Electrical schematic view of the proposed on-chip sensor in the block.

5 Final Remarks

The use of RRAMs to replace classic CMOS-based memories represents an interesting alternative in order to guarantee the storage of high data volumes as well as implement emerging applications. However, aspects regarding their quality after manufacturing are still a challenge, since functional test algorithms cannot guarantee the detection of unique faults, which are classified as HTD faults. This paper presents a DfT strategy able to detect traditional and unique faults caused by manufacturing deviations in RRAMs. The proposed strategy consists of introducing an on-chip sensor able to compare the voltage associated with HRS and LRS with a set of predefined reference voltages while executing a predefined operating sequence. This set is composed of at least two resistors, representing the reference voltage associated with HRS and LRS. The results obtained through electrical simulations demonstrate the fault detection capability of the proposed DfT strategy.

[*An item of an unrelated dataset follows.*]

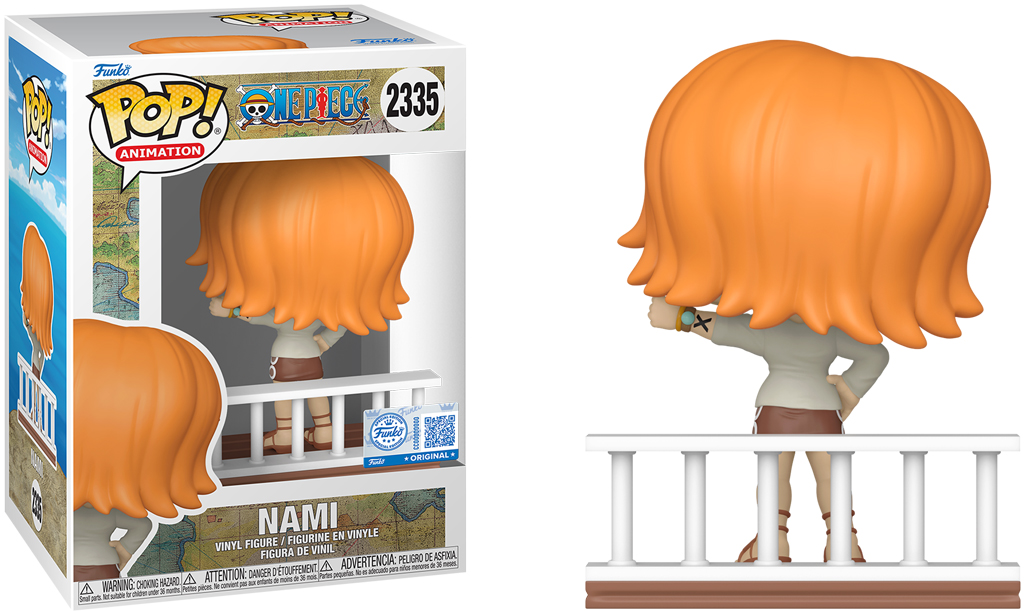 Description éditeur : Dites adieu à la princesse Vivi en compagnie des Pirates du Chapeau de Paille ! Dos à la rambarde et bras levé, la figurine POP! Nami est là pour compléter votre collection One Piece . Créez une scène mémorable en exposant cette figurine POP! Nami exclusive aux côtés de ses amis pour recréer le pont du Vogue Merry.

When compared to state-of-the-art solutions, the DfT strategy has the advantage of detecting not only traditional faults but also all unique faults that can affect RRAMs. The introduced area overhead can be minimized and become tolerable when assuming an implementation granularity considering one on-chip sensor per each RRAM column. Finally, the power consumption of the proposed on-chip sensor does not represent a significant overhead when considering the power associated with a 1T1R RRAM cell executing SET and RESET operations.